■ Your instructions:
Your task is to give the listing below back word for word, pictures excluded.

Top of Data

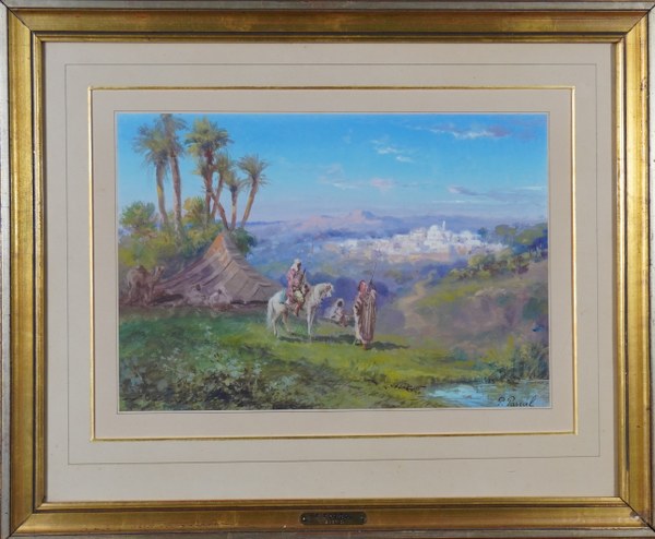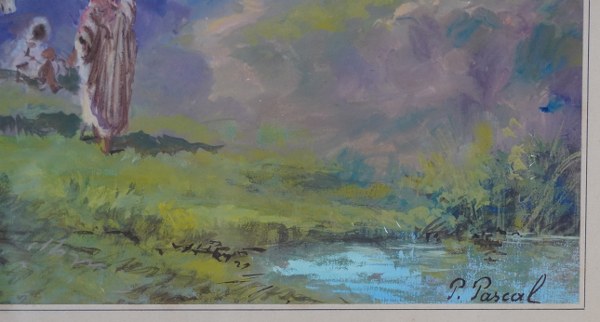 Paul B. PASCAL (1832/39-1903/05). Campement arabe. Gouache signée en bas à droite. Vue : 23 x 33 cm.
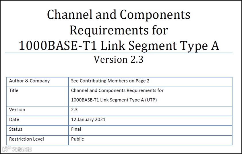本文主要以Channel and Components Requirements for 1000BASE-T1 Link Segment Type A(UTP)测试规范为例,对测试信道、参数指标以及测试方案进行介绍。
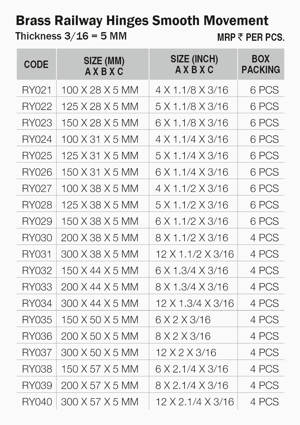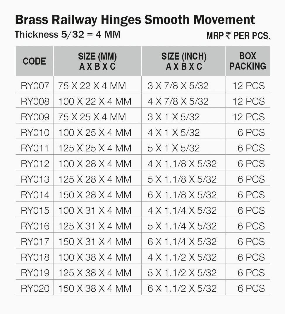 • Traditional Railway Style – Classic hinge profile that distributes load evenly for reliable durability.

Bottom of Data

■ Answer area:
 Paul B. PASCAL (1832/39-1903/05). Campement arabe. Gouache signée en bas à droite. Vue : 23 x 33 cm.
本文主要以Channel and Components Requirements for 1000BASE-T1 Link Segment Type A(UTP)测试规范为例,对测试信道、参数指标以及测试方案进行介绍。
 • Traditional Railway Style – Classic hinge profile that distributes load evenly for reliable durability.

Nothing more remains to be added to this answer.